- Born: Emsworth, Hampshire, England
- Occupation: Actress
- Years active: 1988–present
- Known for: Coronation Street (1992–1997, 2007, 2017) Queer As Folk (1997) Emmerdale (2013, 2015–2017)
- Website: Denise Black

= Denise Black =

English actress

Denise Black is an English actress. She is best known for her roles in Coronation Street, Emmerdale, and Queer As Folk.

==Early life and education ==
Denise Black was born in Emsworth, Hampshire.

After attending Portsmouth High School for Girls, she studied psychology at University of London. She also worked in a local psychiatric care home. After graduating, she travelled to Gibraltar, later moving to the West Indies, setting her sights on becoming an actress.

==Career ==
Black's first professional role was as a cat in Miniatures at Sheffield's Crucible Theatre. She worked in several fringe theatres before gaining her Equity card in 1980. Black joined the Actors' Touring Company and performed Shakespeare around South America and in Israel, Greece and Yugoslavia.

When Black returned to the UK, she appeared with fellow-actresses Josie Lawrence and Kate McKenzie at the Newcastle Playhouse in La Pasionaria, and to further their interests in music and singing, they formed a jazz group, Denise Black & the Kray Sisters. Her friendship with Lawrence landed Black parts in Channel 4's Saturday Live and Josie. Black then joined Julian Clary on stage at London's Donmar Warehouse.

In 1988 she appeared at the Oldham Coliseum in The Threepenny Opera. Over the years, Black would feature in numerous other stage productions including Art of Success; Stop Children's Laughter (at Bolton's Octagon Theatre), and Shakespeare's King Lear and Twelfth Night (with the Cambridge Touring Company).
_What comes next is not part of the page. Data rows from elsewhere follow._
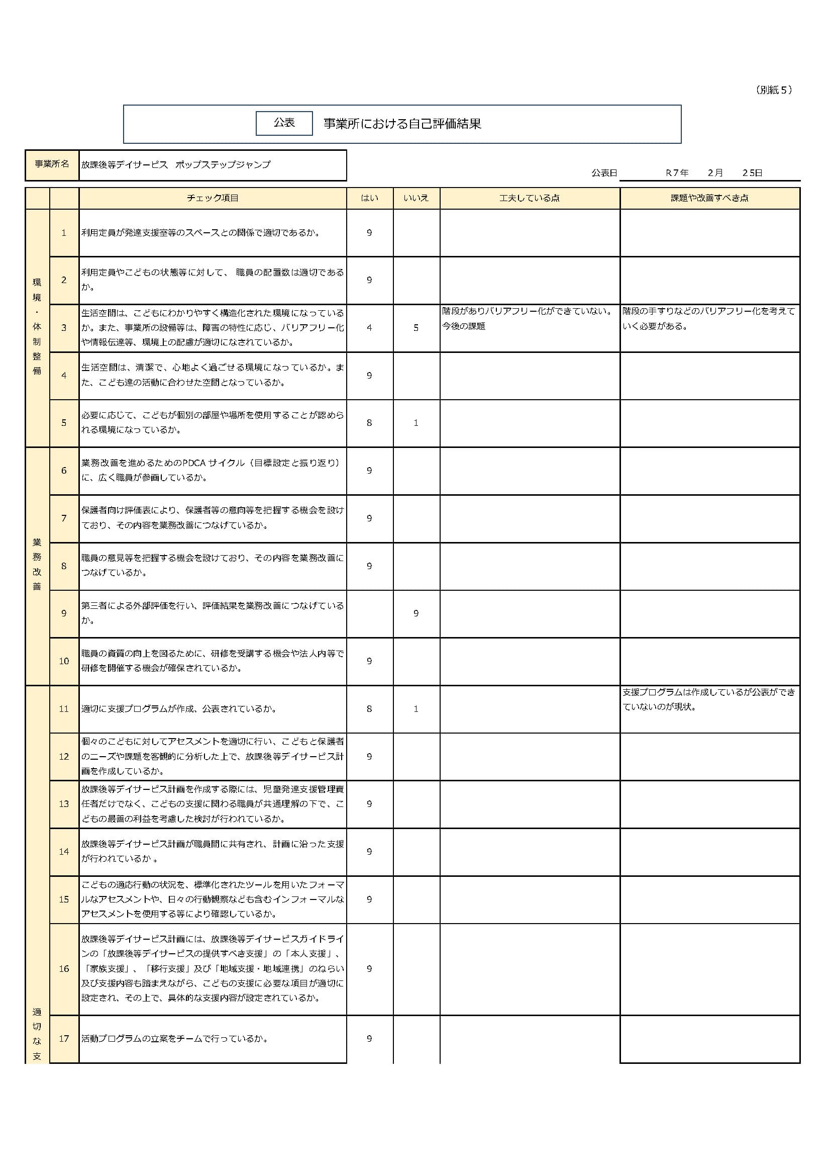 株式会社未来・プロジェクト 児童発達支援自己評価・保護者評価
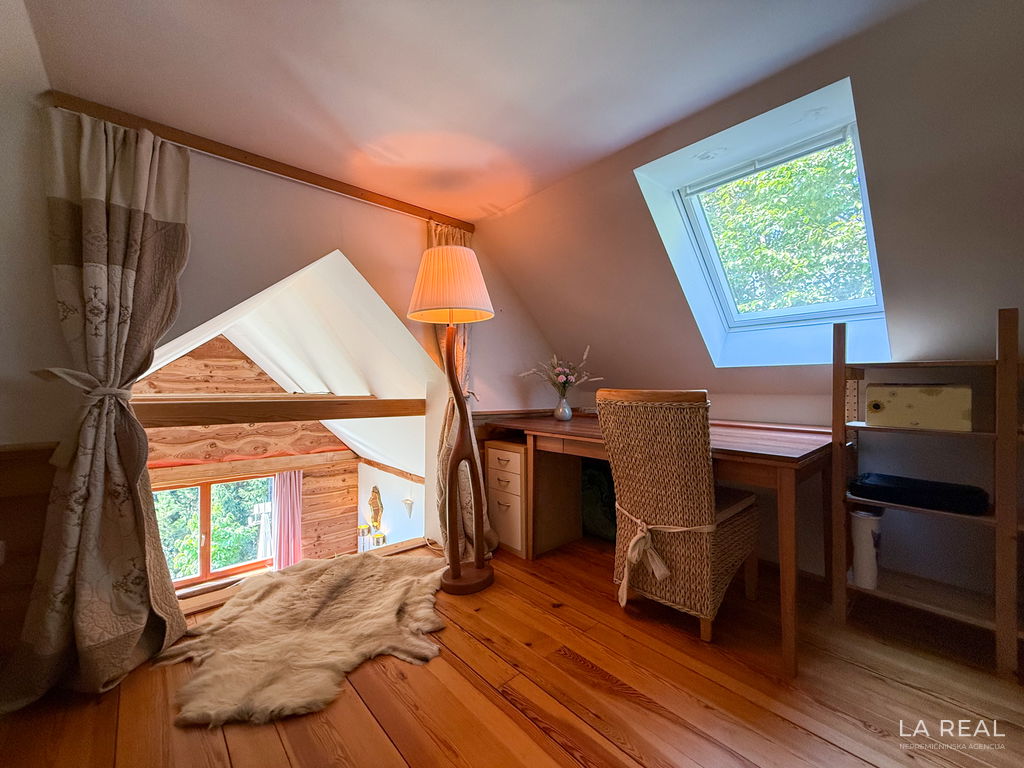 The surroundings of the house are sunny and include a lawn with a flat part, about 400 m2 of gardens (4 gardens), about 600 m2 of orchard, about 5000 m2 of forest and a garden with high beds, ready to plant your favorite plants.The estate is cultivated in an ecological way.
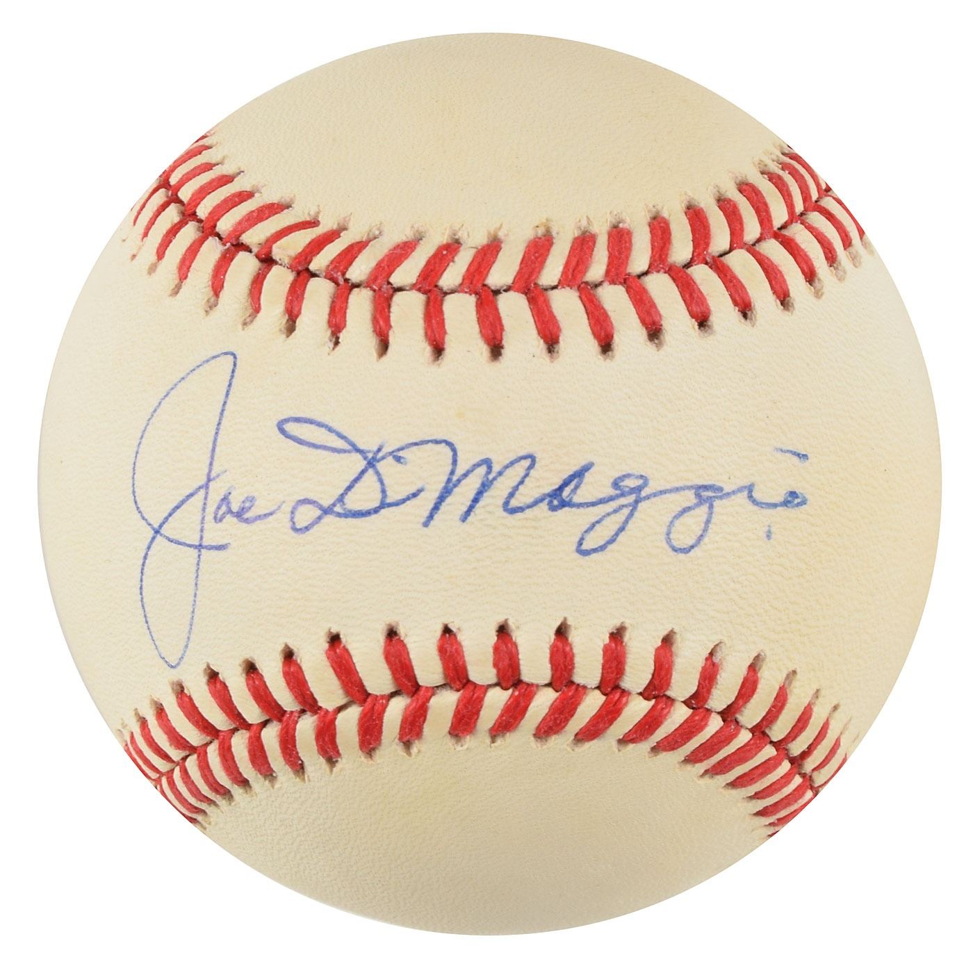 Official Rawlings American League (Brown) baseball boldly signed in blue ballpoint on the sweet spot by Joe DiMaggio. In fine condition, with minor soiling to side panels.
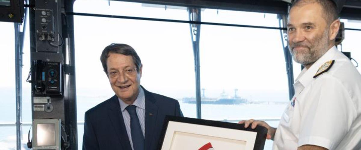 Ο Πρόεδρος Αναστασιάδης επισκέφθηκε το βρετανικό αεροπλανοφόρο, που έχει ελλιμενιστεί στο λιμάνι Λεμεσού από την περασμένη Πέμπτη, στην παρουσία του Ύπατου Αρμοστή της Βρετανίας, Stephen Lilly, του Διοικητή των Βρετανικών Βάσεων στην Κύπρο Rob Thomson και άλλων αξιωματούχων.
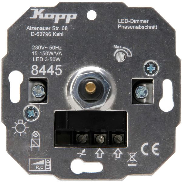 Druck-Wechselschalter - LED Dimmer, für Glüh- und 230V-Halogenlampen, dimmbare LED´s sowie für NV-Halogenlampen mit elektronischen Trafos, einstellbare Grundhelligkeit, mit Softrastung, Welle 4mm, Phasenabschnitt RC 15-150W/VA, LED 3-50W, mit Befestigungsmutter und Wellenadapter
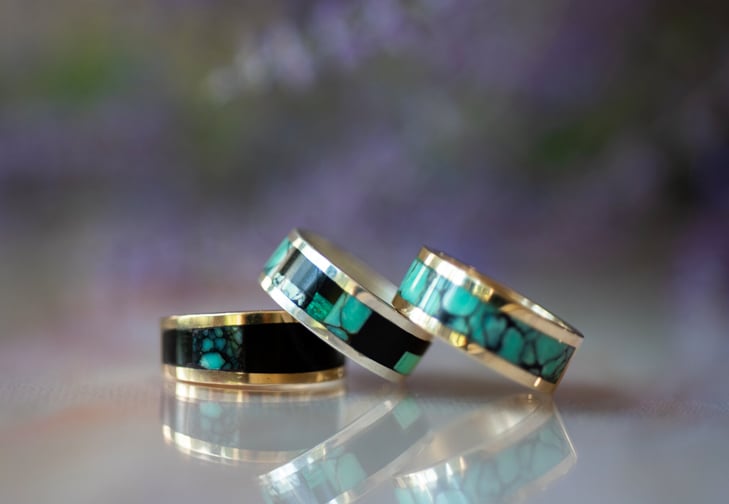 All jewelry requires care and attention. Jewelry should be taken off before bathing, swimming, yoga, applying lotions, working out, doing the dishes, etc. etc.  We recommend a simple pure gold band as the everyday forever..ever wedding ring. Our inlay jewelry can be worn as the occasion permits.
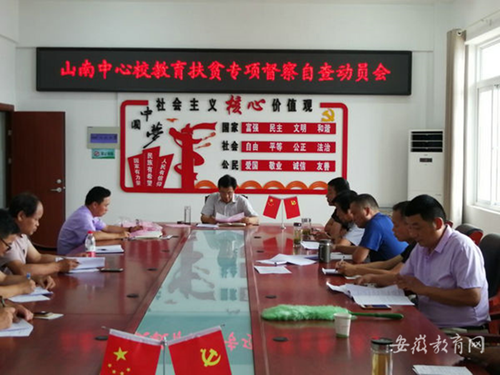 7月初,肥西縣教體局召開全縣中心學校校長專題會和全縣教體系統扶貧專項會議,布置落實縣扶貧開發領導組第五次會議要求和縣領導指示精神。會議指出,督查將采取鄉鎮中心學校自查和縣級督查兩種形式,確保巡視巡察反饋問題整改落實、排查“兩不愁三保障”突出問題,宣傳教育政策。縣教體局黨委書記、局長、肥西師范學校校長李振華明確要求:各學校要組織家校聯系人,聯合村居扶貧專干,進村入戶,對照排查內容,逐項核實。命令就是號角,會議結束,各校紛紛行動起來,扎實開展扶貧排查工作。
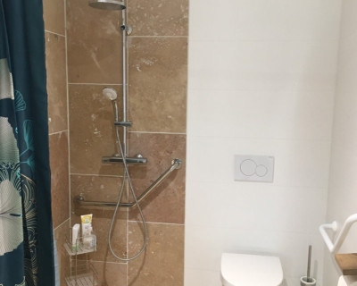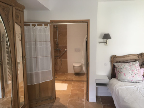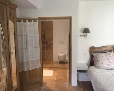Si vous louez les 3 chambres, la maison vous est entièrement dédiée avec son RDC PMR: espace cuisine , repas, TV salon, une chambre avec accès direct extérieur SdDouche italienne WC privés , lit 160 , WC visiteurs avec lave mains.
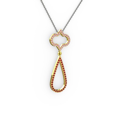 Pembe kuvars ve garnet 14 ayar altın kolye (40 cm gümüş rolo zincir)
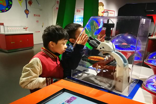带着几分神秘,走进旁边的“生命奥秘”展厅探秘生命:生命起源、声音幻觉、皮肤构造、三维人体扫描……一个模型大嘴就能全方位了解口腔秘密、用显微镜就可以看到好玩的细菌、原来骑单车还能测心跳!真是长知识了!孩子们带着几分欣喜,感受着纷繁的生物世界和生物的多样性,探索生命、自然与人之间的关系。
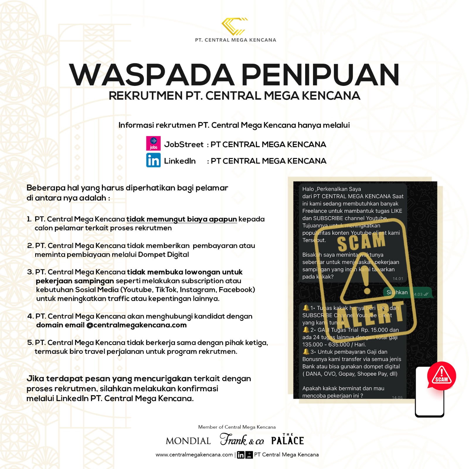 Kami juga ingin mengimbau masyarakat untuk lebih berhati-hati terhadap informasi atau ajakan yang mengatasnamakan CMK. Selalu pastikan sumber informasi yang diterima berasal dari kanal resmi CMK atau merek-merek kami (MONDIAL, Frank & co., The Palace Jeweler, dan Lakuemas).
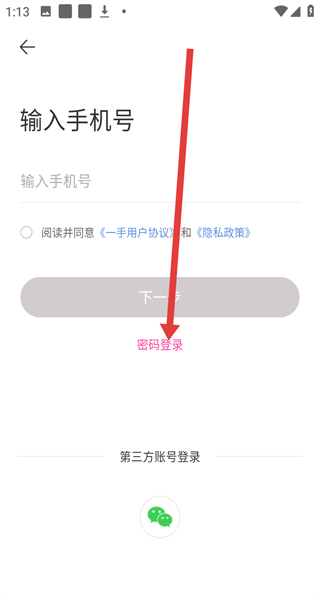 3、在進(jìn)入到手機(jī)號(hào)登錄頁面中,可以繼續(xù)點(diǎn)擊密碼登錄按鈕,切換為密碼方式登錄。
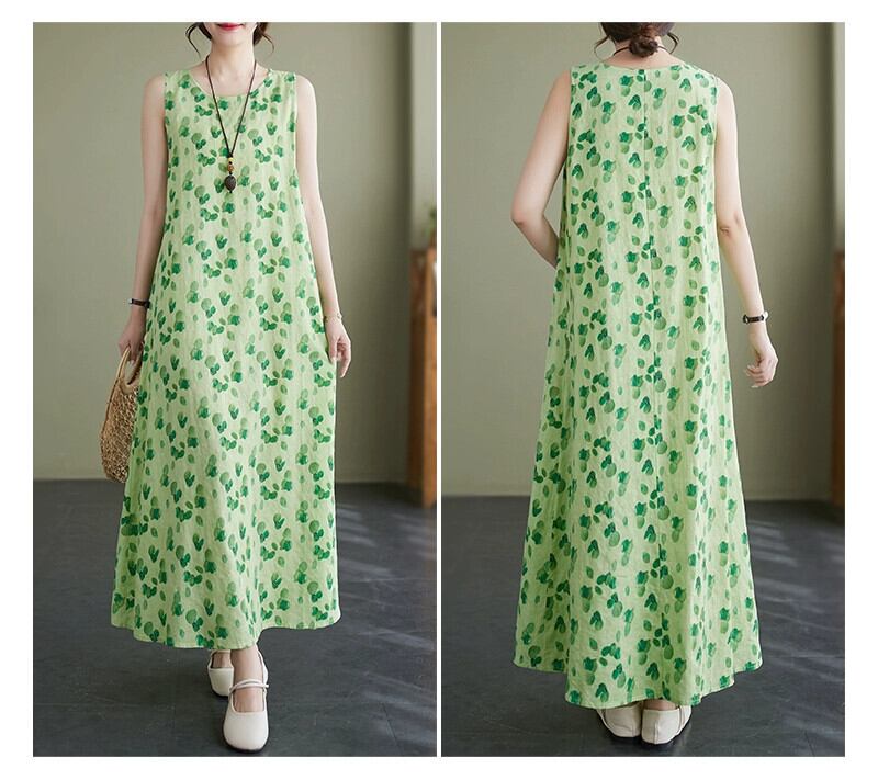 eign trade ese 有名なカウンター商品芸術的なラミー花柄ドレス女性のルーズでスリムな綿とリネンのベストロングスカート コットン sine85735534047
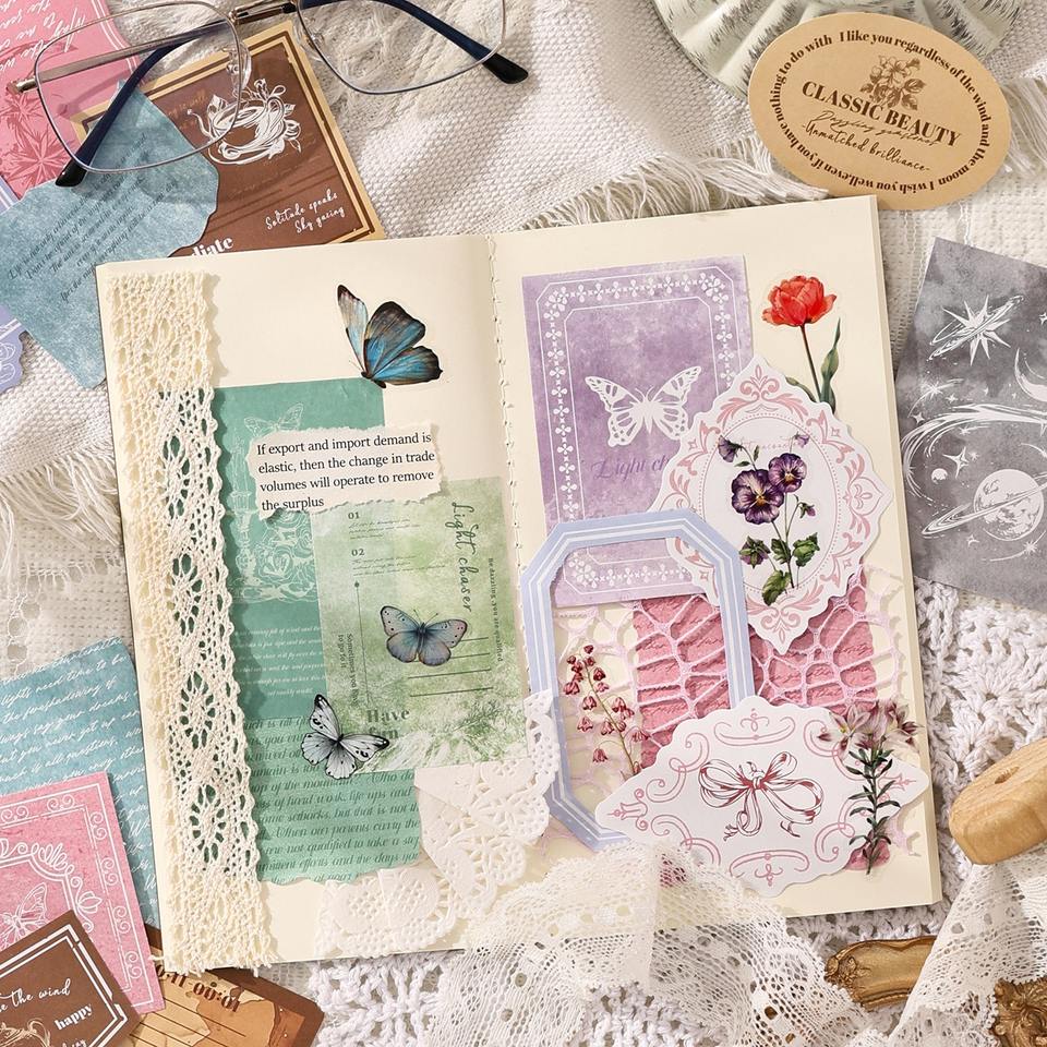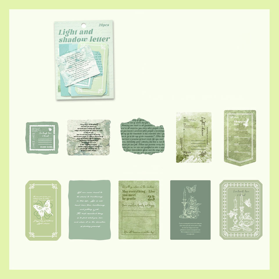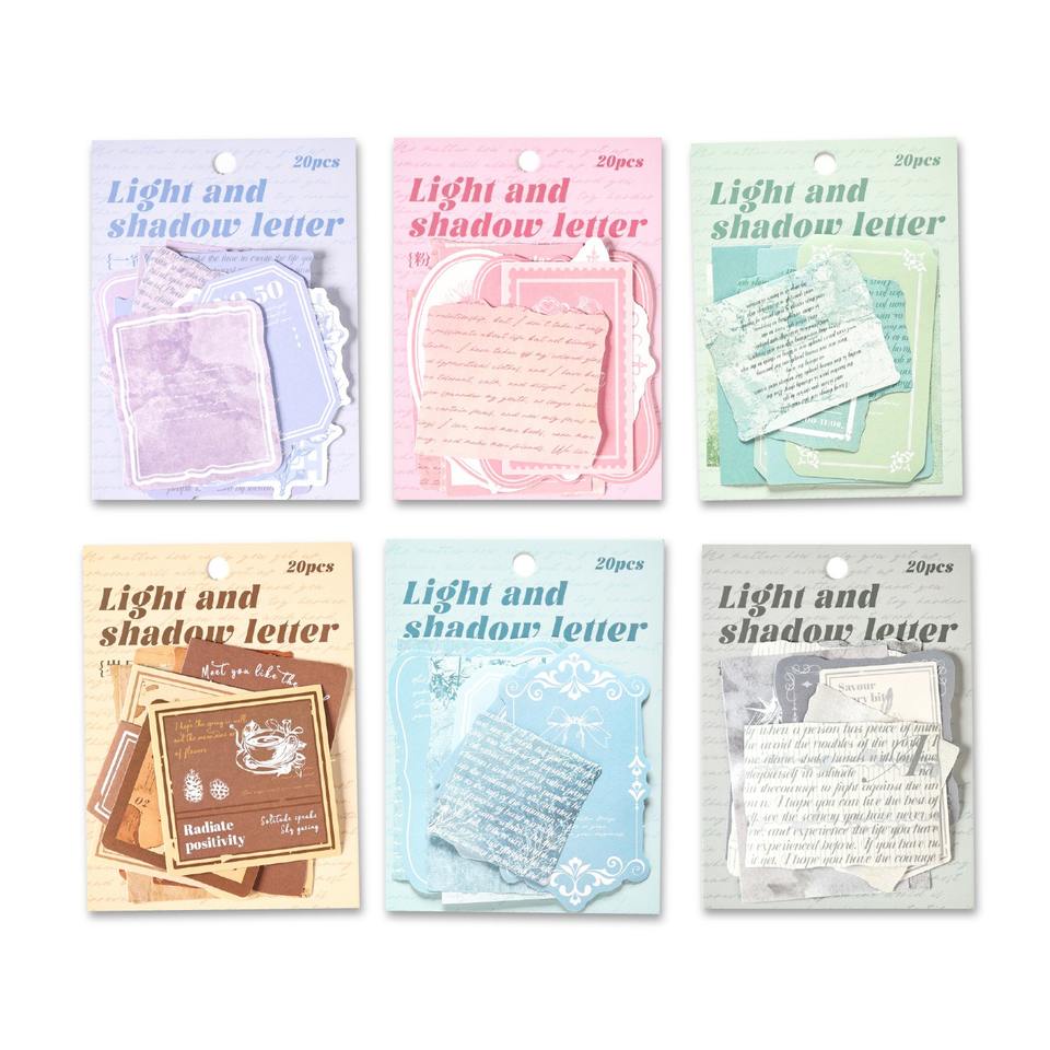 สติกเกอร์ตกแต่งพิมพ์ลายแบบมันเงา ตัดแบบไดคัท ลายเรโทร ซีรีส์ Light Shadow Note แบบมีกาวในตัว - 20 แผ่น ชุดตกแต่งวันหยุด

In 1990, Black made her television drama debut playing a prostitute in "Street Life", an episode of the BBC's Casualty. She appeared as Carrie Evans in Shoscombe Old Place, an edition of The Casebook of Sherlock Holmes (1991). She appeared in many television series during the 1990s and 2000s including A Touch of Frost, Dangerfield, The Bill, Bad Girls, New Tricks, and Doc Martin.

===Coronation Street===
In 1992, Black joined the soap opera Coronation Street as Denise Osbourne, remaining on the show until 1997. Her main storylines revolved around her love affair with Ken Barlow (William Roache). Black briefly returned to the role in 2007 and again in 2017.

===Queer as Folk===
Black was one of the main cast members of the Channel 4 TV series Queer As Folk, written by Russell T Davies. She played the role of Hazel Tyler in all 10 episodes of the show. She reprised the role of Hazel (as her ghost on Canal Street) in the 2015 follow-up series Cucumber.

===Emmerdale===
On 20 June 2013, it was announced that Black would be joining the cast of Emmerdale, as Joanie Wright, the adoptive grandmother of Amy Wyatt's (Chelsea Halfpenny) son Kyle whom she gave away shortly after he was born. Black made her first appearance in the soap on 12 August 2013, before departing on 14 November 2013. She reprised the role on 17 June 2015 as a regular cast member, before Black departed again permanently on 30 January 2017, when her character was killed off from a heart attack after being released from a short-stint in prison.

===Other roles===
In 2010, Black's band played at the Edinburgh Festival when she was in mid-UK national tour of a stage version of Calendar Girls. In 2011, Black played the role of Mother Superior, alongside Michael Starke and Cynthia Erivo in the first UK tour of the musical Sister Act.

In 2015, Black made a guest appearance as Liam Conroy's (Adam Gillen) mother Gloria, attempting to lure him back to the UK, in Benidorm. In 2020, Black starrred in the epic historical drama film The Lady of Heaven in the role of Bibi, a loving grandmother who narrates the historical story of Lady Fatima. In 2021, she played Mrs. Hudson in the Netflix series The Irregulars.

In May 2023 she was announced as a cast member of the upcoming Disney+ series Rivals, alongside David Tennant, Alex Hassell, Aidan Turner, Katherine Parkinson, Emily Atack, and Danny Dyer. Black played the role of Joyce Madden in the series.

==Personal life==
Black lives in Southsea and sings with a band, The Loose Screw. They played a series of cabaret shows in November 2009.

In 2004, while filming the BBC miniseries To the Ends of the Earth in KwaZulu-Natal, South Africa, Black and two friends, including co-star Benedict Cumberbatch, were abducted at gunpoint by a group of local men after their vehicle suffered a blown tyre. They were bound and driven to an unsettled territory before being released unharmed without explanation.